Apakah kemunculan gas dari setiap terjadi lumpur gunung api berbahaya bagi manusia dan hewan?

Berikut rangkuman dari hasil wawancara wartawan untuk BBC News Indonesia, dengan dua ahli geologi dari Universitas Diponegoro, Semarang, Tri Winarno, dan Angga Jati Widiatama dari program studi teknik geologi Institut Teknologi Sumatera, Lampung.

"Untuk bisa menjadi mud volcano harus ada pemicunya. Biasanya pemicunya [faktor] panas, yaitu sumber panas di bawah permukaan bumi," kata Tri Winarno BBC Indonesia pada Jumat (28/8/2020).

Menurutnya, sumber panas itu bisa macam-macam, tapi biasanya "[berupa] magma, karena ada pemanasan di bawah permukaan bumi."

Dia menganalisa gunung api lumpur itu bisa juga terjadi karena faktor lumpur yang jenuh dan ada faktor tekanan yang tinggi. "Sehingga akan muncul ke permukaan, apalagi di dorong [faktor] panas dari bawah."

Fenomena mud volcano di Kabupaten Blora ini, tidak terlepas dari faktor bahwa pulau Jawa merupakan bagian dari jalur gunung api yang sangat aktif (ring of fire).

"Nah kita bayangkan, kalau misalnya lumpur yang sudah penuh air, dan kalau ada panas di bawahnya, lalu mendidih, [maka] otomatis akan meledak," paparnya.

"Apalagi kalau didukung adanya jalur berupa rekahan-rekahan di permukaan bumi yang menghubungkan antara yang di permukaan dengan yang ada di dalam bumi. Rekahan itu bisa karena sesar atau rekahan batuan," tambah Tri Winarno.

Dia kemudian menganalisa secara spesifik tentang kejadian di Kesongo, Blora. Jenis bebatuan yang berada di bawah permukaan kawasan Kesongo adalah "bebatuan lempung".

Sementara, ahli geologi dari program studi teknik geologi Institut Teknologi Sumatera, Lampung, Angga Jati Widiatama, mengatakan, gunung lumpur di Kesongo itu "terbentuk dari adanya kubah garam atau istilah geologi disebut mud diapir".
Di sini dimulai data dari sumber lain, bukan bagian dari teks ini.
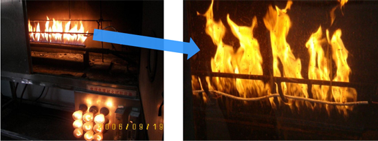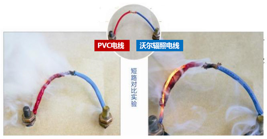 PVC电线已起火燃烧,并冒出大量浓烟;沃尔辐照交联电线(富社电线)却完好无损。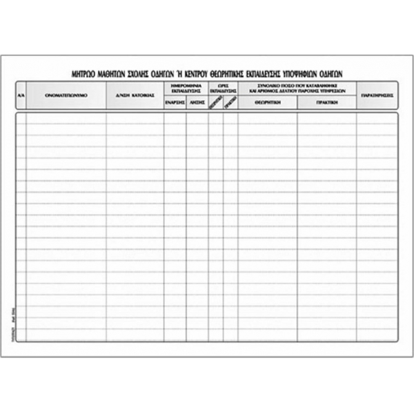 Βιβλίο Μητρώου Μαθητών Σχολής Οδηγών 554Α (50φ.)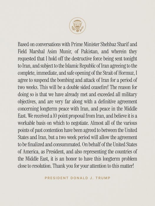 President Donald Trump has announced two-week ceasefire with Iran, a move confirmed by Tehran which also agreed to reopen Hormuz strait for oil vessels.

Disebut sebagai batuan formasi kerek, yang terdiri batu pasir dan lempung, diendapkan secara cepat sehingga "menjebak" air di dalam pori-pori batuan.
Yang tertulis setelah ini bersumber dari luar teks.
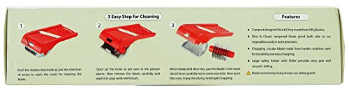 ✤ Royal Kitchen Stainless Steel Blade Vegetable and Fruit Easy Chop and Slicer Set. ✤ Brand: Royal Kitchen. ✤ Blade Material: Stainless Steel | Body Material: ABS Plastic. ✤ Blade Colour: Silver | Body Colour: Red and White. ✤ Size (In Inches) : Length: 8, Width: 3 (Approx)✤ Sale For: 1 Set(Includes 1 Chopper and 1 Slicer).✤ Weight: 280 Grams (Approx)Features:-1) Compact designed slice and chop made from ABS Plastic.2) Slice and chops tempered blade grind both side to cut vegetables easily in both direction.3) Chopping circular blade made from harden stainless steel for durability and easy Chopping.4) Large safety holder with slider provides easy grip and smooth sliding.5) Blade extremely sharp always use safety guard.✤ Actual colours may vary from those shown due to the nature of photographing and monitor colour settings.

"Karena ada air dalam pori-pori batuan, tertimbun terus menerus hingga tebal. Batuan yang tertimbun itu akan memunculkan gradien panas bumi," ungkap Angga kepada wartawan di Semarang, Nonie Arnee.

"Makin terendam, makin panas. Tekanan makin besar. Saat air di pori batuan terkena panas dan sumber suhu dan tekanan tinggi akan berubah jadi uap. Itu yang menyebabkan jadi campuran batuan, air dan uap. Hingga berubah menjadi kubah garam," paparnya.

Hal itu terbentuk "biasanya ada kaitannya dengan patahan geologi atau struktur geologi."

"Jadi wilayah dari Semarang hingga Sidoarjo (Jatim) itu sebenarnya batas lempeng mikro kontinen Jawa Timur yang ada di selatan. Karena batas lempeng, maka menjadi titik lemah, banyak patahan atau sesar. Patahan ini yang bisa menjadi jalan keluar dari mud volcano," papar Angga.

"Kalau di zona tektonik jalur ring of fire itu hal biasa. Di luar negeri, seperti Italia, fenomena mud volcano juga terjadi.

Dia kemudian menekankan bahwa fenomena ini bukanlah hal baru di pulau Jawa.

Dia mencontohkan "bleduk Kuwu" alias gunung api lumpur di Desa Kuwu, Kecamatan Kradenan, Kabupaten Grobogan, serta satu kawasan di Cepu, Jawa Tengah.

"Ini tidak ada kaitan dengan eksplorasi minyak," katanya, karena di sekitarnya tidak ada aktivitas penambangan minyak dan gas.

"Intinya adalah lempung, air dan panas. Ditambah ada celah dan rekahan sehingga bisa muncul ke permukaan berupa semburan itu," jelasnya lebih lanjut.

Sementara, ahli geologi dari program studi teknik geologi Institut Teknologi Sumatera, Lampung, Angga Jati Widiatama, mengatakan, pembentukan mud diapir di Kesongo tidak berkaitan dengan eksplorasi tambang atau migas di sekitar kawasan Cepu.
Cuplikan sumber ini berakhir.